L=$\frac{{2\pi}^{2}C{F}^{2}}{1}$ but this is just guess territory now as I've not been shown this type of question

 

[kaliprasad]

so I've been taught basic rearranging of formula which I've found easy now I am given questions which are obviously a lot harder and I've entered the mind black hole if you could point me in the right direction with this where I go wrong

make L the subject

$f=\frac{1}{2\pi}$ $\sqrt{\frac{1}{LC}}$

=${f}^{2}=\frac{1}{{2\pi}^{2}}\frac{1}{LC}$

=${f}^{2}=\frac{1}{{2\pi}^{2}LC}$

above I may have already gone wrong but in my head its ok,but here on I am quite unsure if I am allowed to move the formula as I have

=${2\pi}^{2}C{f}^{2}=\frac{1}{L}$ ?? is that correct ?

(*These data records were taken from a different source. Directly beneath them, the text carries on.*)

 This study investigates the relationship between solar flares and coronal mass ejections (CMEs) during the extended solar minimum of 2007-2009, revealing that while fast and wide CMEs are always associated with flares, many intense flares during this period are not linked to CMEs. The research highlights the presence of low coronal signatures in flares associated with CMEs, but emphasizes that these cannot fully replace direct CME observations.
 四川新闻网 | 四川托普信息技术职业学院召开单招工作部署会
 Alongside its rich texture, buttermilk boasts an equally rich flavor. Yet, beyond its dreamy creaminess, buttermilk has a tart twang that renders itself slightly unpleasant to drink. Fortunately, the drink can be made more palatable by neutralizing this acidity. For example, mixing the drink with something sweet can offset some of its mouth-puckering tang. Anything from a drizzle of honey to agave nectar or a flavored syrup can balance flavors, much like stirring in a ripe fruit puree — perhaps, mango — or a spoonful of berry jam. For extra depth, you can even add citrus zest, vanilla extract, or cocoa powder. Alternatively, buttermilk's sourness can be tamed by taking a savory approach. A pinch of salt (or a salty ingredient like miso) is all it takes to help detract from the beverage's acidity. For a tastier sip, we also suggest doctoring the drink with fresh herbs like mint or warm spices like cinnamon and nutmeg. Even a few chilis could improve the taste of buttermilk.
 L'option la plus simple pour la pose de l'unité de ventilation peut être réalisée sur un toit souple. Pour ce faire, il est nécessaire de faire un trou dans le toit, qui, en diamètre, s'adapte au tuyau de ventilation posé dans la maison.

then I am at a total loss as what to do with that fraction left over in my guess I am wanting make a new fraction and throw the 1 under the rest to make

L=$\frac{{2\pi}^{2}C{F}^{2}}{1}$ but this is just guess territory now as I've not been shown this type of question

There are 2 mistakes ( one is because of latex)
There are
1) ${f}^{2}=\frac{1}{(2\pi)^{2}LC}$ you should put $2\pi$ in () and not in $\{\}$ because $2\pi$ should get squared
2) $L=\frac{1}{(2\pi)^{2}C{f}^{2}}$

 

[fordy2707]

I see, so i treated $2\pi$ as 1 value where its actually 2 different values to be multiplied together .

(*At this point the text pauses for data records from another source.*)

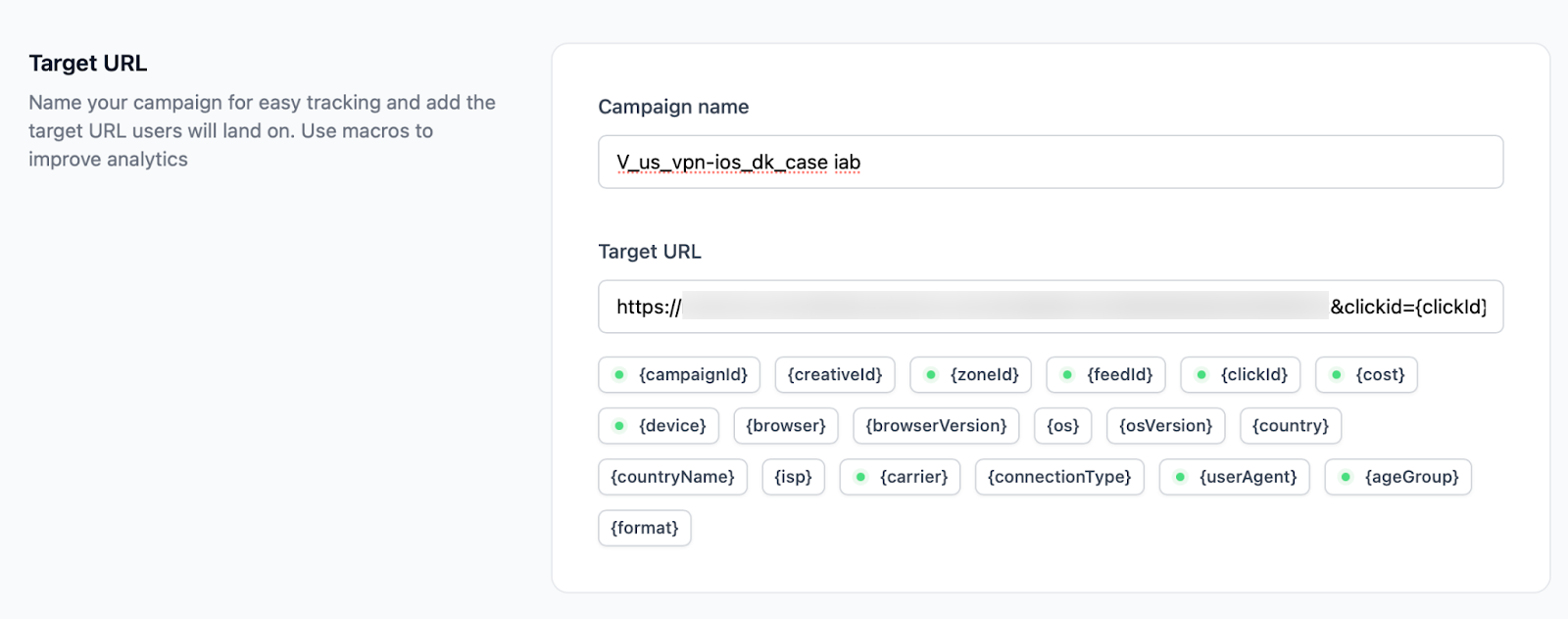To ensure IAB categories are passed and trackable, you’ll need to add macros. Consult your manager to confirm the exact parameters to use.
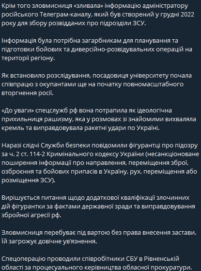 Задержанной оказалась инженер одного из технических вузов Харьковской области. Сообщается, что она поддерживала РФ в разговорах со знакомыми.
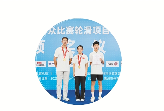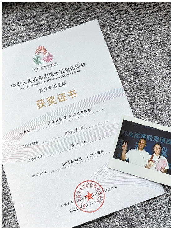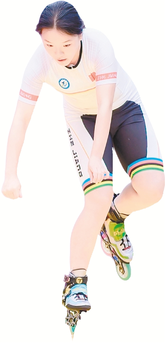 这位16岁的女将履历亮眼:5次拿下全国自由式轮滑锦标赛速度过桩冠军、浙江省第十七届运动会自由式轮滑速度过桩女子乙组冠军、第19届亚洲轮滑锦标赛自由式轮滑青年女子速度过桩冠军……但刚拿下的这枚金牌,对徐菁来说有着更加特别的意义。

thanks for your help,im happy with how close I got.i will write your advice into my learning material and should be able to do a sum like that on my own next time

 

[I like Serena]

The "trick" is, when in doubt, to apply basic operations to the left and to the right of the equal sign.
That is, multiply left and right by the same expression:

$$f^2=\frac 1{(2\pi)^2LC} \\
\Rightarrow f^2 \cdot (2\pi)^2C =\frac 1{(2\pi)^2LC} \cdot (2\pi)^2C$$

After that we can simplify the fraction by canceling common factors:
$$\Rightarrow f^2 \cdot (2\pi)^2C =\frac 1{\cancel{(2\pi)^2}L\cancel C} \cdot \cancel{(2\pi)^2}\cancel C \\
\Rightarrow(2\pi)^2f^2C =\frac 1{L}$$

Now we take the inverse $\frac 1 x$ left and right, to get:
$$\Rightarrow \frac{1}{(2\pi)^2f^2C} = L \\
\Rightarrow L = \frac{1}{(2\pi)^2f^2C}
$$